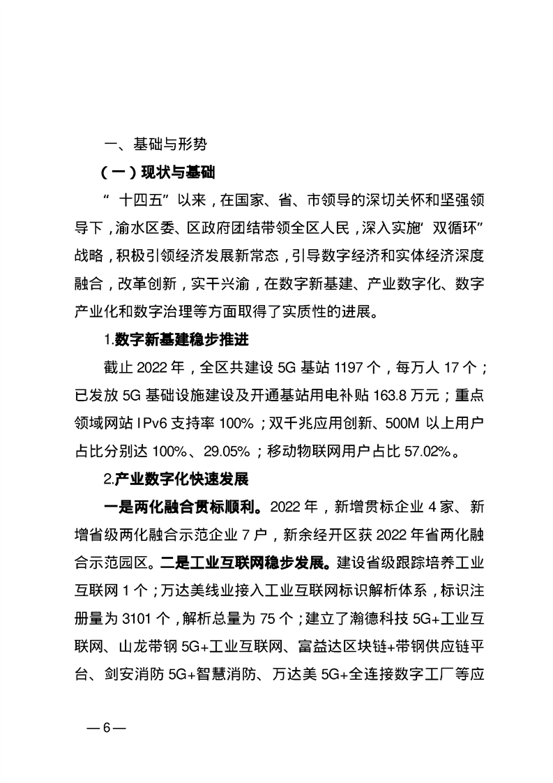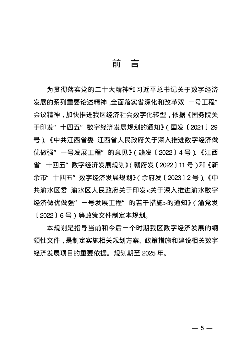 渝府發[2023] 29號 渝水區人民政府關于印發渝水區“十四五” 數字經濟發展規劃(2023—2025)的通知
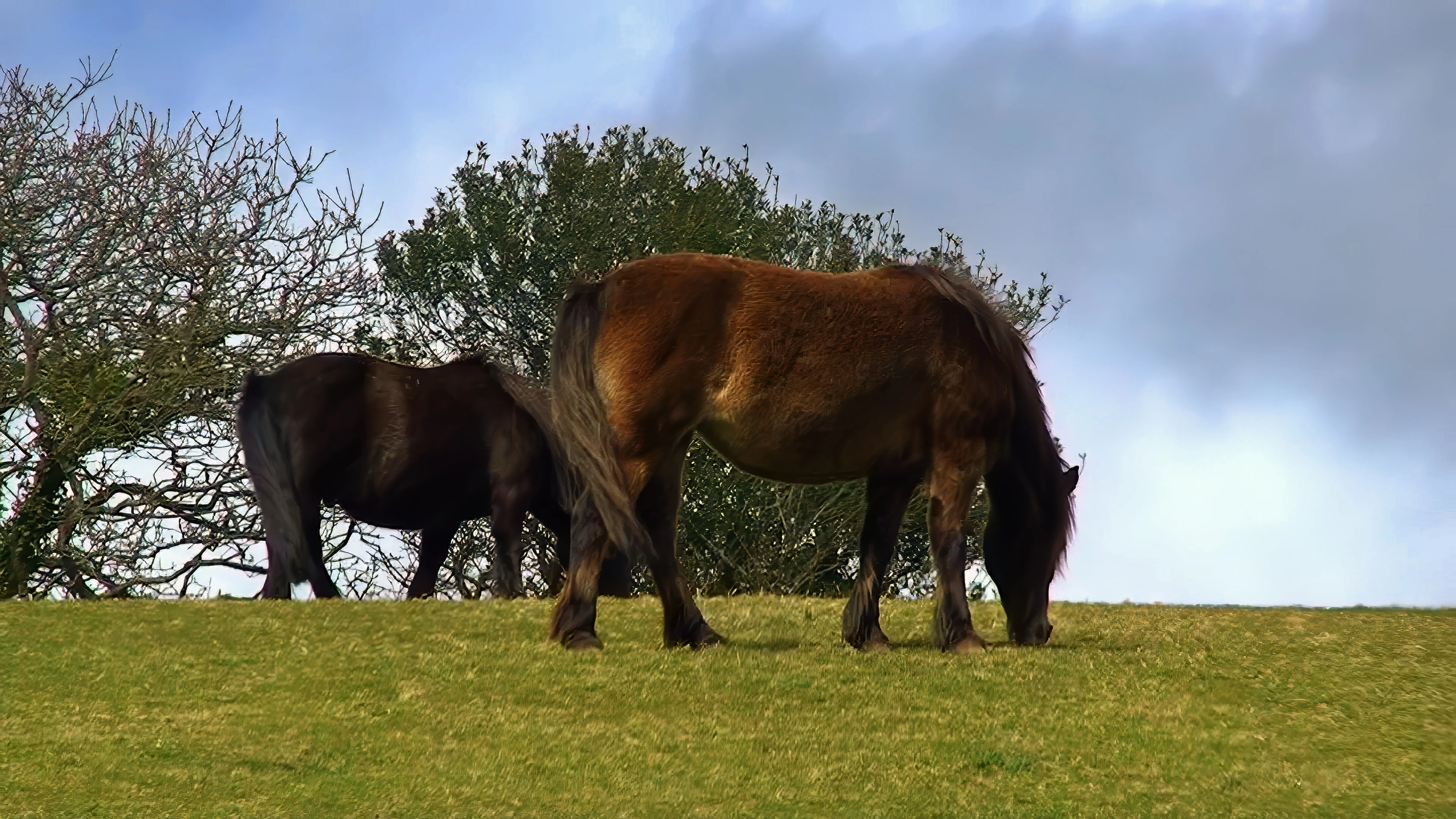 Horses grazing in fields around the Cornish Seal Sanctuary, Gweek.
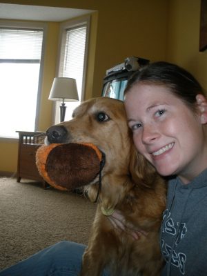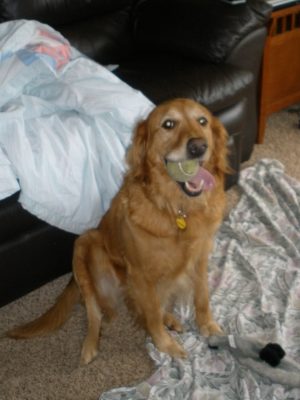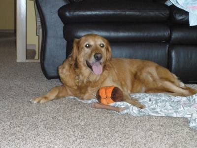 Maggie is a very easy going golden. She has been introduced to numerous animals in the neighborhood and besides wanting to chase the occasion rabbit, found to be okay with everyone. She adores car rides and playing ball (working on the giving the ball back part but got the retrieving part down).
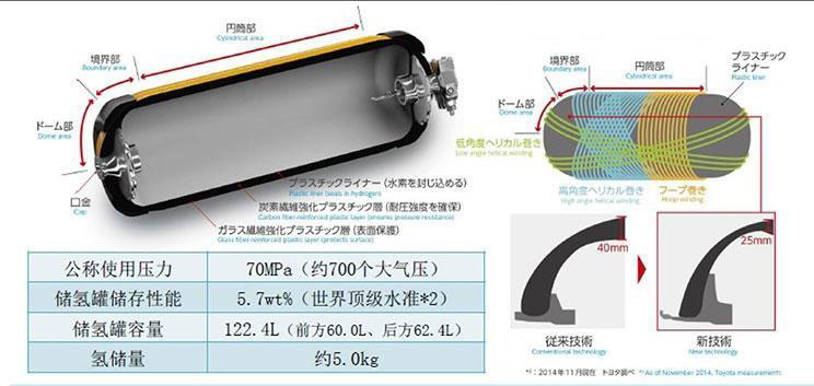 氫燃料電池車型最近幾年得到了一定的發(fā)展,它使用氫氣作為燃料,利用氫氧之間的化學(xué)反應(yīng)來發(fā)電,而它的排放物是“水”。氫燃料的加注時(shí)間要比純電動(dòng)車的時(shí)間短很多,所以有不少人更看好氫燃料電池車型的發(fā)展,不過該車型目前還有諸多技術(shù)限制,比如車內(nèi)無法存儲(chǔ)足夠數(shù)量的氫。以豐田Mirai(參數(shù)|詢價(jià))燃料電池車為例,目前采用的是儲(chǔ)氫罐容量為122.4L,約5kg的氫儲(chǔ)量,EPA續(xù)航里程為312英里(約502公里)。
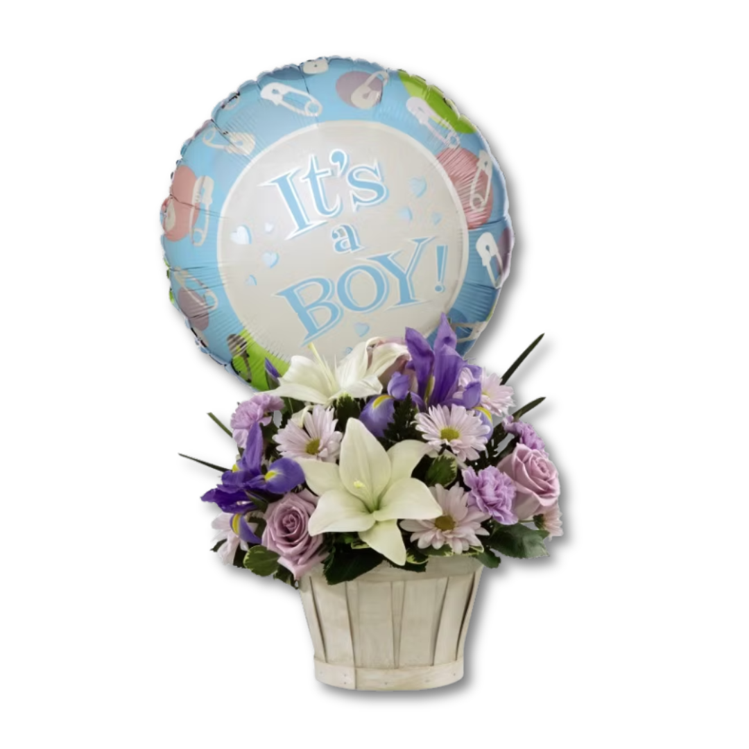 The FTD® Boys Are Best!™ Bouquet is blooming with sweet love to congratulate the new family on their darling baby boy! Lavender roses, blue iris, lavender carnations, lavender daisies, white Asiatic lilies and lush greens are beautifully arranged in a round whitewash woodchip basket. Presented with a Mylar balloon declaring, "It's a Boy!" this incredible flower arrangement is the perfect welcome for their new addition.
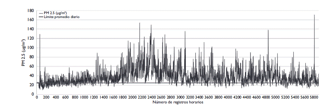 Nuestros hallazgos muestran que la única fuente de información con datos abiertos históricos sobre calidad del aire es la de la Embajada de Estados Unidos en Perú,8 la cual se deriva de los registros horarios de PM 2.5 obtenidos en una única estación de monitoreo en la ciudad de Lima. El total de registros incluidos de PM 2.5 desde el 29 de febrero (fecha de inicio de las mediciones) hasta el 31 de diciembre de 2016 fue de 7 286, con un valor promedio de 38.1 µg/m3 (rango: 10-170). Junio tuvo el mayor valor promedio de PM 2.5 con 55.2 µg/m3 (rango: 18-149). Asimismo, la mayor concentración promedio se registró a las 11 horas (47.5 µg/m3). Finalmente, un total de 5 833 registros horarios estaba por encima del límite promedio de riesgo diario de 25 µg/m3 (figura 1).
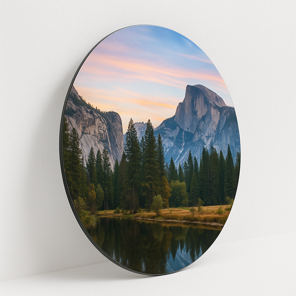 Personalizarea se face cu print UV pe partea din spate a plexiglasului pentru a crea efectul de lupă, prin aplicarea de autocolant decupat sau gravură laser (arată ca o sablare pe sticlă).
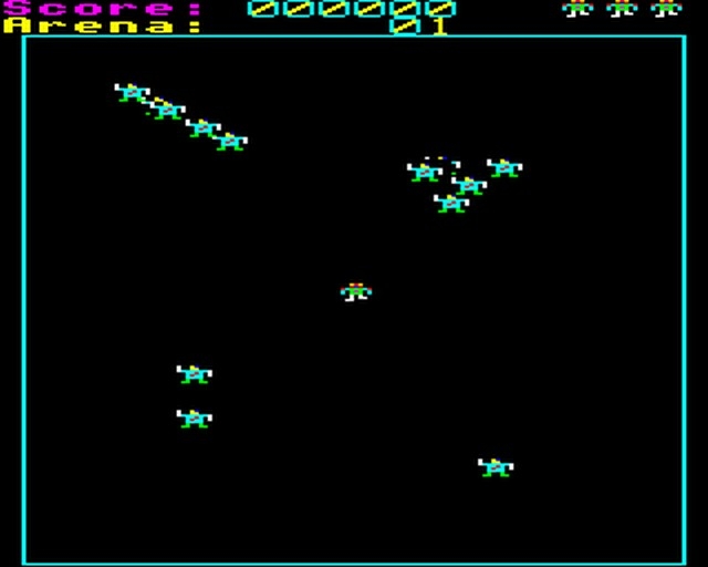 Fight for your life (and highscore) against endless waves of killer robots cornering you in the futuristic Galactic Arena of the year 3000. When you clear the level, the next wave gets faster and tougher, luckily you get 3 lives and an extra one every 20 000 points. This top-down shooter offers optional dual joystick control (movement/shooting).
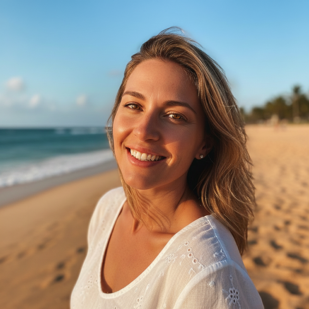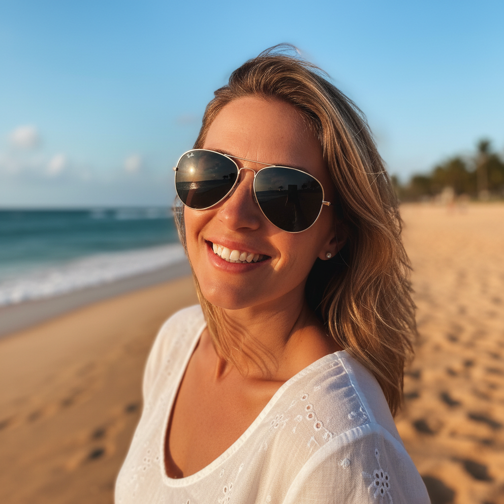 Beach selfie with reflective aviators. Removed sunglasses to show eyes while preserving the candid outdoor vibe.
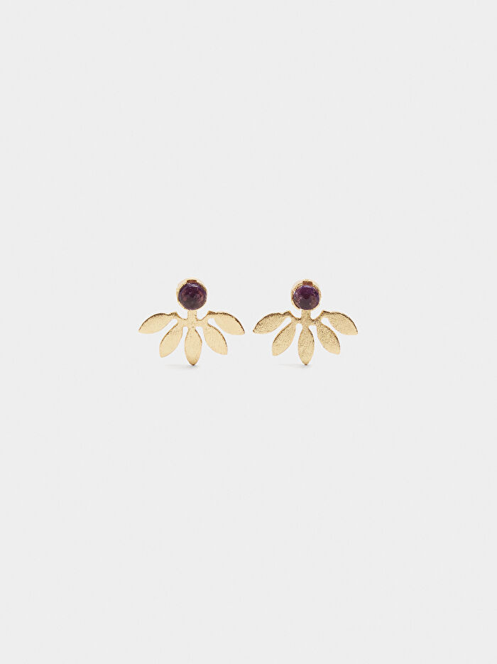 Taş detaylı kısa yaprak şekilli küpe. Fırçalanmış efekt.
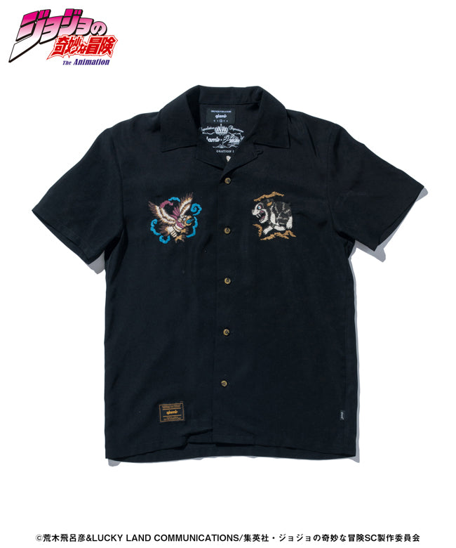 物語の終盤、イギーとペット・ショップで繰り広げられた名勝負。その迫力を落ち感あるポリエステルの開襟シャツに落とし込みました。レトロなタッチの刺繍はスカジャンをデザインソースとしたもの。そこによく見られる虎や龍の如く、前面に本体の2匹を、背面にスタンドバトルを描いています。ストリートで愛されてきた柄を継承したこちらは、単体で着用しても街に馴染む仕上がり。男らしいムードを湛え、見る者を惹き付けます。

* **What you are asked to do**: Images do not belong in the copy; reproduce all other parts of the records above verbatim.

* **Task output**:
 渝府發[2023] 29號 渝水區人民政府關于印發渝水區“十四五” 數字經濟發展規劃(2023—2025)的通知
 Horses grazing in fields around the Cornish Seal Sanctuary, Gweek.
 Maggie is a very easy going golden. She has been introduced to numerous animals in the neighborhood and besides wanting to chase the occasion rabbit, found to be okay with everyone. She adores car rides and playing ball (working on the giving the ball back part but got the retrieving part down).
 氫燃料電池車型最近幾年得到了一定的發(fā)展,它使用氫氣作為燃料,利用氫氧之間的化學(xué)反應(yīng)來發(fā)電,而它的排放物是“水”。氫燃料的加注時(shí)間要比純電動(dòng)車的時(shí)間短很多,所以有不少人更看好氫燃料電池車型的發(fā)展,不過該車型目前還有諸多技術(shù)限制,比如車內(nèi)無法存儲(chǔ)足夠數(shù)量的氫。以豐田Mirai(參數(shù)|詢價(jià))燃料電池車為例,目前采用的是儲(chǔ)氫罐容量為122.4L,約5kg的氫儲(chǔ)量,EPA續(xù)航里程為312英里(約502公里)。
 The FTD® Boys Are Best!™ Bouquet is blooming with sweet love to congratulate the new family on their darling baby boy! Lavender roses, blue iris, lavender carnations, lavender daisies, white Asiatic lilies and lush greens are beautifully arranged in a round whitewash woodchip basket. Presented with a Mylar balloon declaring, "It's a Boy!" this incredible flower arrangement is the perfect welcome for their new addition.
 Nuestros hallazgos muestran que la única fuente de información con datos abiertos históricos sobre calidad del aire es la de la Embajada de Estados Unidos en Perú,8 la cual se deriva de los registros horarios de PM 2.5 obtenidos en una única estación de monitoreo en la ciudad de Lima. El total de registros incluidos de PM 2.5 desde el 29 de febrero (fecha de inicio de las mediciones) hasta el 31 de diciembre de 2016 fue de 7 286, con un valor promedio de 38.1 µg/m3 (rango: 10-170). Junio tuvo el mayor valor promedio de PM 2.5 con 55.2 µg/m3 (rango: 18-149). Asimismo, la mayor concentración promedio se registró a las 11 horas (47.5 µg/m3). Finalmente, un total de 5 833 registros horarios estaba por encima del límite promedio de riesgo diario de 25 µg/m3 (figura 1).
 Personalizarea se face cu print UV pe partea din spate a plexiglasului pentru a crea efectul de lupă, prin aplicarea de autocolant decupat sau gravură laser (arată ca o sablare pe sticlă).
 Fight for your life (and highscore) against endless waves of killer robots cornering you in the futuristic Galactic Arena of the year 3000. When you clear the level, the next wave gets faster and tougher, luckily you get 3 lives and an extra one every 20 000 points. This top-down shooter offers optional dual joystick control (movement/shooting).
 Beach selfie with reflective aviators. Removed sunglasses to show eyes while preserving the candid outdoor vibe.
 Taş detaylı kısa yaprak şekilli küpe. Fırçalanmış efekt.
 物語の終盤、イギーとペット・ショップで繰り広げられた名勝負。その迫力を落ち感あるポリエステルの開襟シャツに落とし込みました。レトロなタッチの刺繍はスカジャンをデザインソースとしたもの。そこによく見られる虎や龍の如く、前面に本体の2匹を、背面にスタンドバトルを描いています。ストリートで愛されてきた柄を継承したこちらは、単体で着用しても街に馴染む仕上がり。男らしいムードを湛え、見る者を惹き付けます。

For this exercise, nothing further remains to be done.